MIN. PERFORMANCE FEE: $105 per performance when produced together; $40 or $55 each for when produced individually.
THE STORIES: In The Red Coat, a teenage boy in the Bronx lays in wait outside a party for a girl he hardly knows. His mission, which he accomplishes with touching if halting effectiveness, is to tell her that he loves her. (1 man, 1 woman.)

In Down and Out, a Poet and his Love live in abject poverty, hounded by a maniacal Spectre. The Spectre first takes away the Poet's library card, and then returns to offer money for his soul. His Love protects him. (2 men, 1 woman.)

The third play, Let Us Go Out into the Starry Night, deals with a skinny woman in a cafe who approaches a haunted young man who reminds her of Dostoevsky. They have an intensely serious conversation which temporarily transports them into an ecstatic spot among the stars. (1 man, 1 woman.)

Out West centers on the old story of the coming of a Cowboy to a small western town. There is a Good Girl, a Bad Girl, a gunfight, and then the need to move on. But it all happens at about triple normal speed! (3 men, 2 women.)

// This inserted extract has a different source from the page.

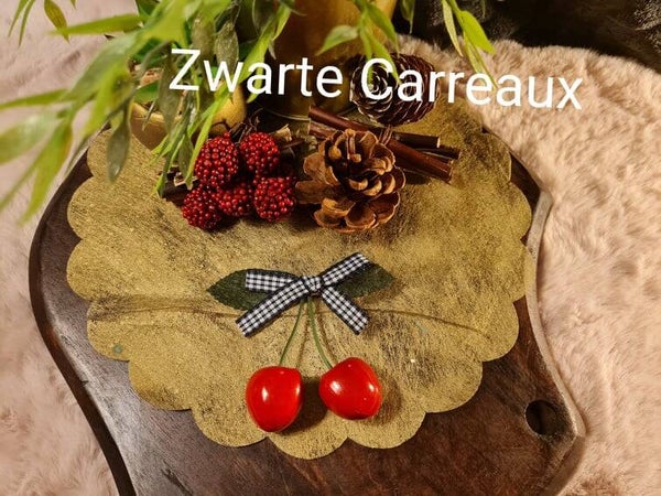 Kersen op een blaadje met een strik bevestigd op een metalen clips.Een mooi vintage haarstuk dat je kapsel naar the next level brengt.

In A Lonely Impulse of Delight, a young man falls in love with a mermaid in the lake in New York's Central Park and decides to introduce her to his best friend with delightfully humorous results. (2 men.)

In the final play, Welcome to the Moon, Stephen, a guy still madly in love with a girl he hasn't seen in fourteen years, joins his old friend, Ronny, who has been unsuccessfully trying to do away with himself for fourteen years, for a drink in a Bronx bar. They decide to commit suicide together by putting plastic bags over their heads—but the two people whom they've always loved arrive in time to stop them. Time then stops for a bittersweet moment, as past and present become one. (4 men, 1 woman.)
First presented by New York’s renowned Ensemble Studio Theatre, these highly imaginative and thematically varied plays marked the debut of one of out theatre’s most talented and resourceful playwrights. While the plays blend together into a cohesive, theatrically vivid whole, they can be presented individually with equal effectiveness.